Ledanois joined the pro ranks with ambitions. "We’re here to show that if we’ve been picked as stagiares, it’s because we have the fitness," Ledanois told Cyclingnews before lining up in Hammerfest with the French pro continental team. "My pleasure in racing here is even bigger because my dad is also here as a directeur sportif in the convoy."
After directing Thor Hushovd to a win in the inaugural Arctic Race of Norway, Yvon Ledanois came back at the helm of the BMC Racing Team. In the same stage where Kevin Ledanois was eighth, his dad's best rider, Loic Vliegen, who is also a stagiare, was ninth.
"I knew Kevin had skills for cycling but on this occasion, he amazed me," the elder Ledanois said. "He’s had a consistent season as an amateur, his first one as a full-time cyclist. He was sixth at the Tour de Normandie, and he played an important role in Anthony Turgis’ win at the U23 Liège-Bastogne-Liège. He quit football for cycling at his own initiative, and I discovered the fear as a father. Cycling is a dangerous sport, but I wouldn’t prevent him from doing what he wanted, just like my parents let me cycle when I was young."
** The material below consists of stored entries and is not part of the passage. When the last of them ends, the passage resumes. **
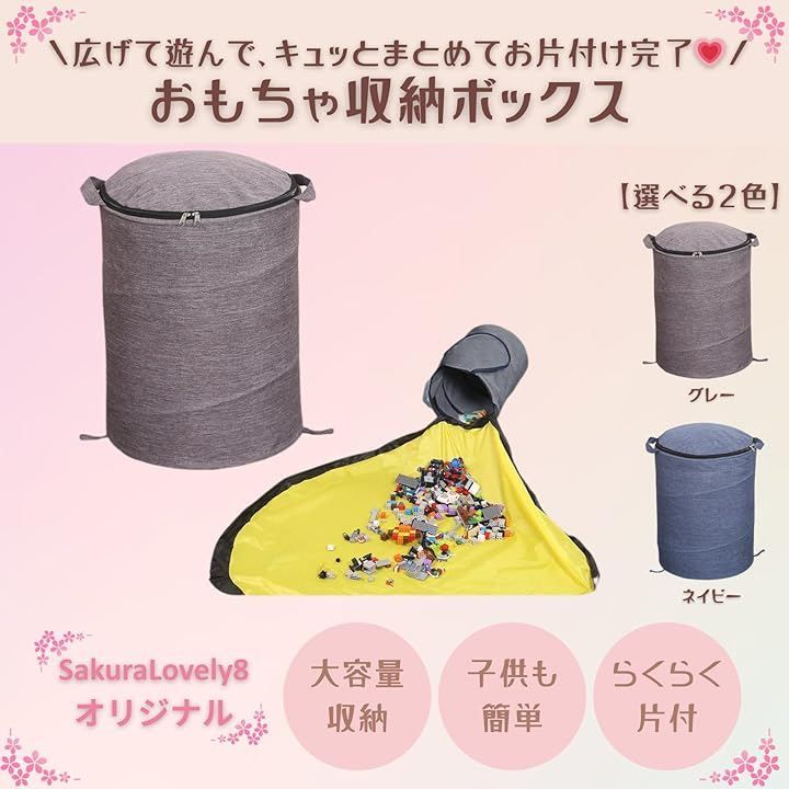 SakuraLovely8 おもちゃ収納ボックス プレイマット 折り畳み式 玩具収納袋 お片付け簡単 (グレー)
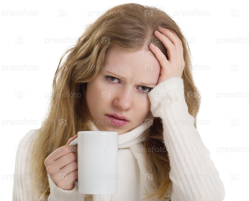 Болеющая молодая девушка на белом фоне
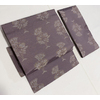 確りとした張りのある錦の織りで、くすんだ薄紫色に金糸を霜降りに織り、花柄を白ネズ色と金糸で織った、全通柄の品。
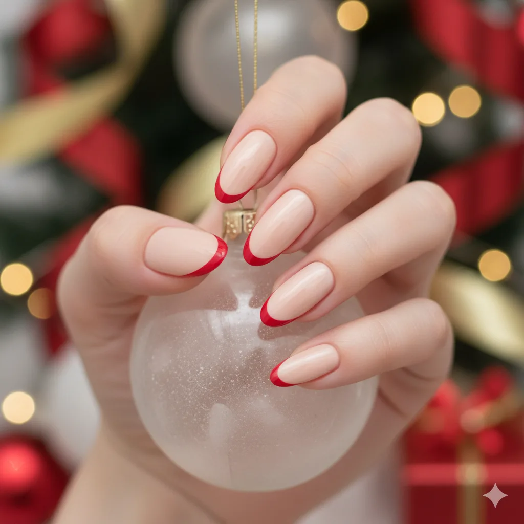 A festive twist on the French manicure — classic nude base with bold red almond tips. Simple yet powerful for a polished Christmas vibe.
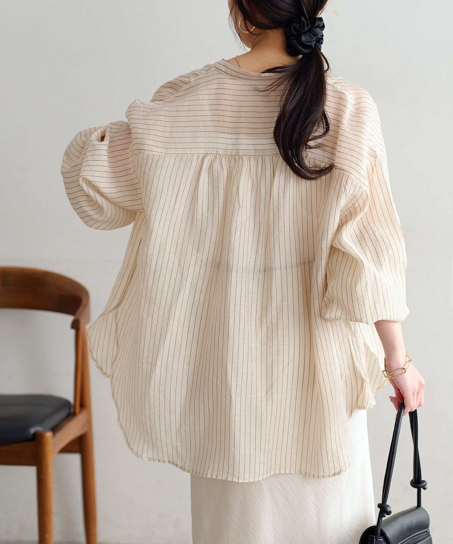 軽やかな透け感で魅せる、大人のシアーストライプシャツ
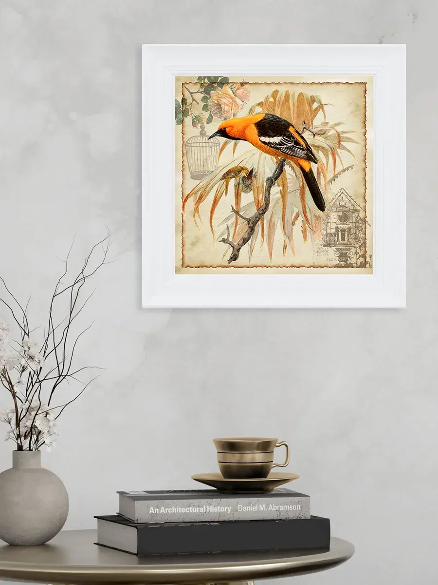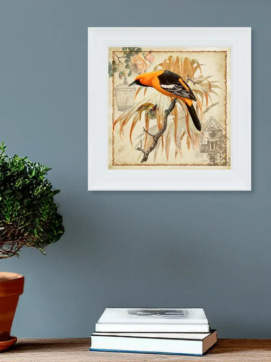Чудесная картина, напечатанная на натуральном холсте, станет центром притяжения внимания в вашем доме. Сказочные птички привнесут в ваш интерьер ощущение покоя и умиротворенности.
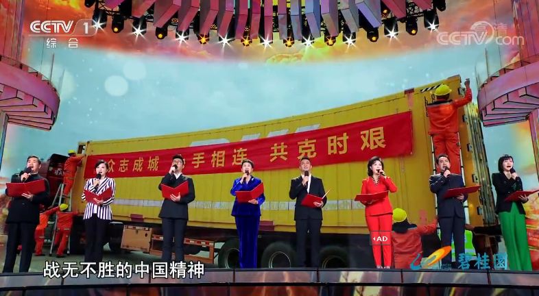 诗朗诵《中国阻击战》,将这台晚会推向了最高潮。字字铿锵有力,“一方有难、八方支援的中国特色,让我们无往不胜,为患者点燃生的希望,为弱者撑起爱的晴空……”。背景画面定格在全国各地驰援武汉的照片,从医务工作者义无反顾冲锋在前,到防控物资相关生产企业及时复工、全力保供;从人民解放军闻令而动、积极支援地方疫情防控,到科研人员争分夺秒、强化攻关;从基层群防群治构筑严密防线,到交通运输、电力保障、市场供应等行业职工履职尽责、携手共筑坚强后盾,再到社会各方纷纷捐款捐物……中华儿女心往一处想、劲往一处使,形成抗击疫情的强大力量。
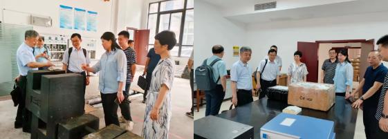 在揚中市檢驗檢測中心,調(diào)研組參觀了檢定設(shè)備,了解了計量部檢測能力以及運行管理情況。
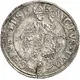 Small shield of Werden and Helmstedt arms superimposed on cross in larger shield, 2 crozier heads at upper left and right, mitre above arms, small imperial orb at top. |
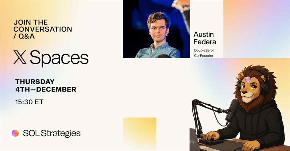 DoubleZero organizará un AMA sobre X el 4 de diciembre a las 20:30 UTC con el director de tecnología Max Kaplan y el cofundador Austin Federa, centrándose en estrategias para optimizar el rendimiento del validador de Solana y el papel de las herramientas de DoubleZero en la red.
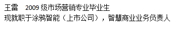 王雷 | 2013届市场营销 | 杭州涂鸦信息技术有限公司,智慧商业业务负责人 |
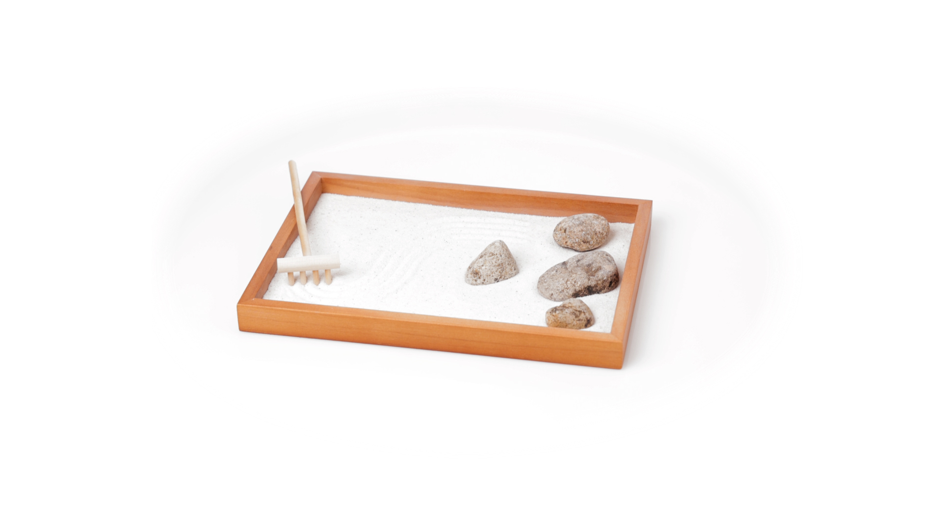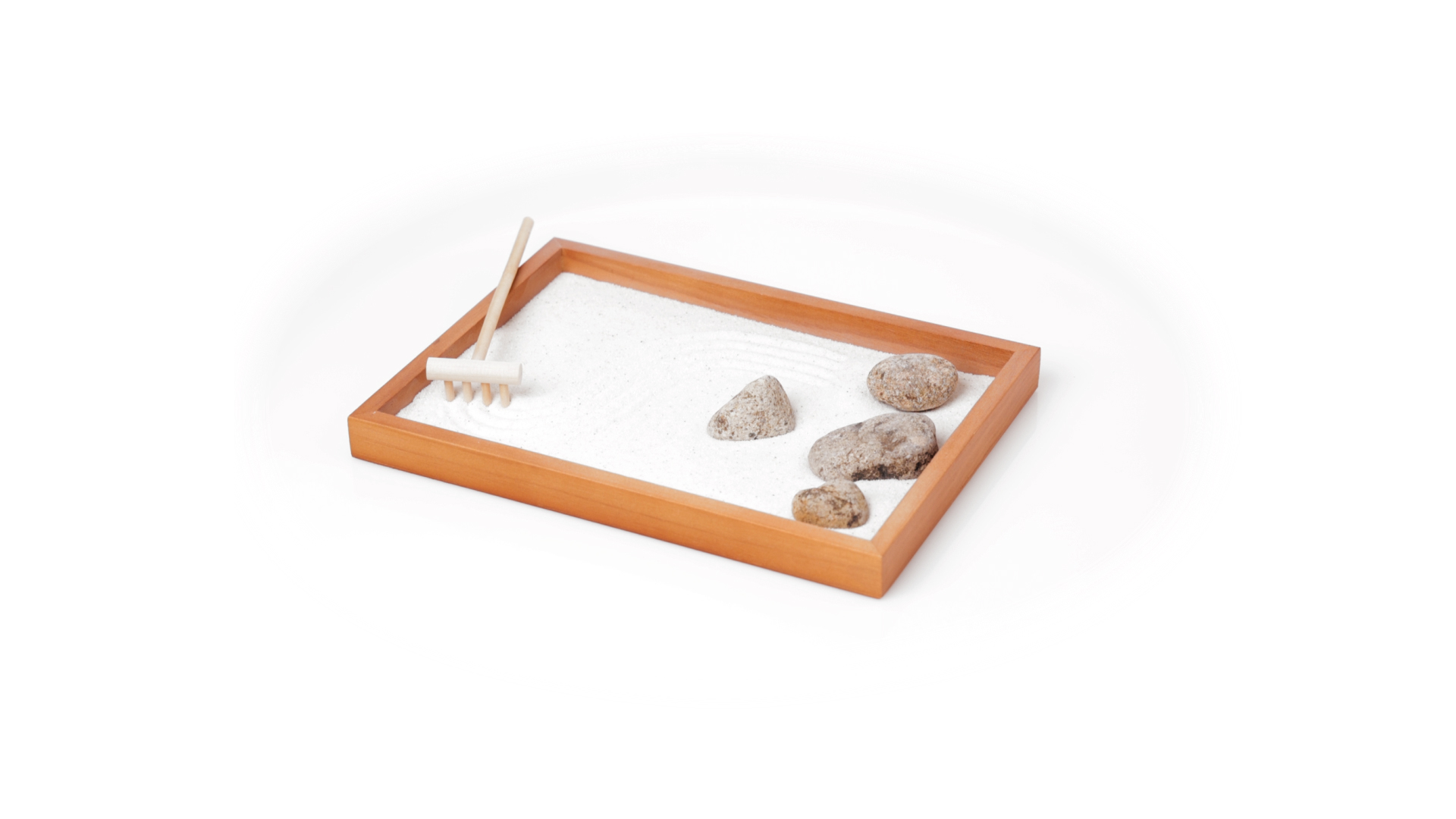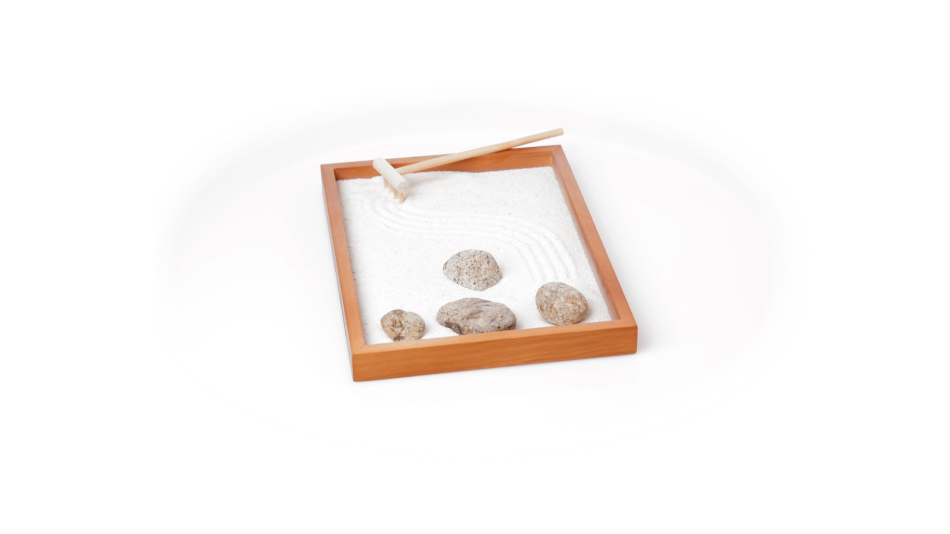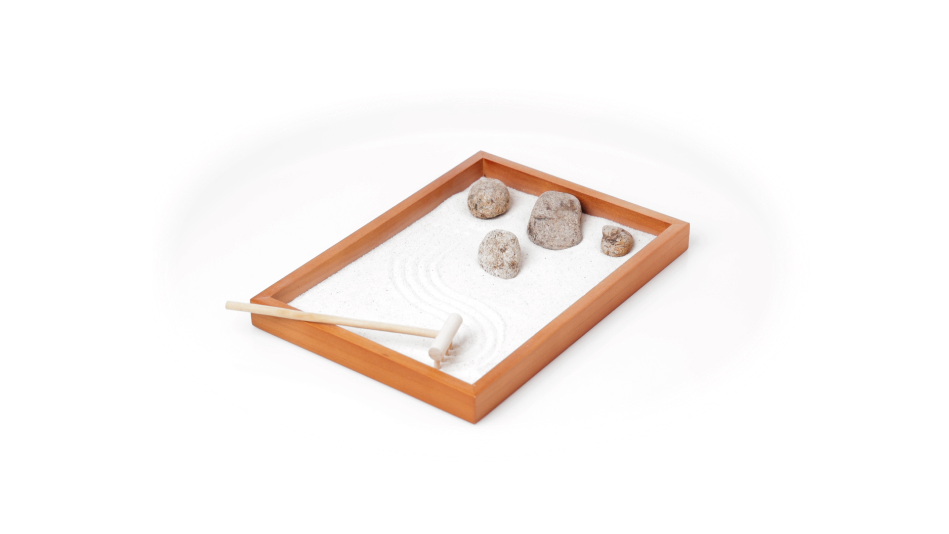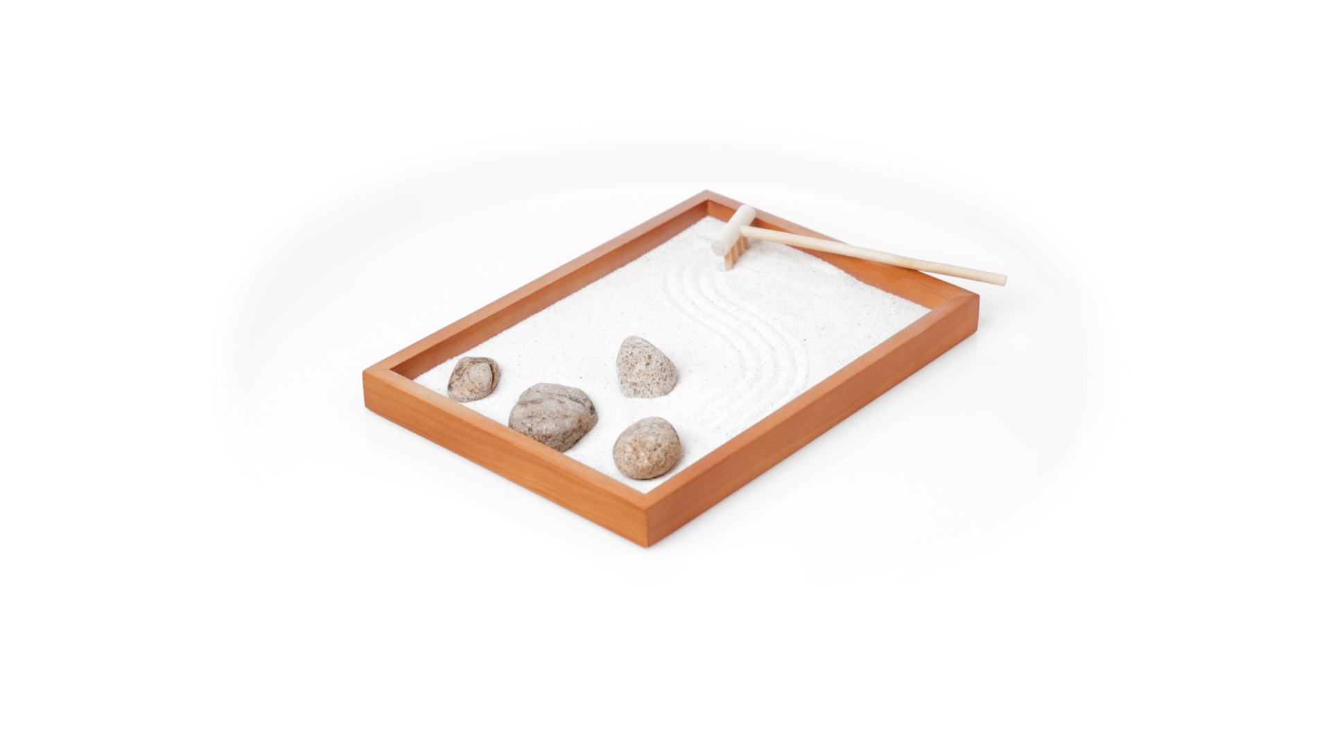 Mini-Zen-Garten für Entspannung und Seelenfrieden. Container Basis und Harke aus Naturholz, mit 4 Natursteinen und einem kleinen Beutel mit weissem Sand. Präsentiert in einer individuellen Box mit Kraft-Design.

Yvon Ledanois rode for Castorama, WordPerfect, Gan and Française des Jeux in the 1990s. He was a stage winner of the 1997 Vuelta a España at Sierra Nevada. "I don’t want to look after my son’s career," he said. "Joona Laukka is his agent."
Kevin Ledanois was very active again on the ascent to Kvænangsfjellet where he finished in the main group 15 seconds behind the Simon Spilak who won stage 3 and Steven Kruijswijk who moved into the lead.
"I’m disappointed," said Kevin Ledanois. "I should have tried to follow the first two to know but I’ll try again tomorrow."
After the finish, Laukka confirmed to Cyclingnews that several big teams have called him to hire the young Ledanois.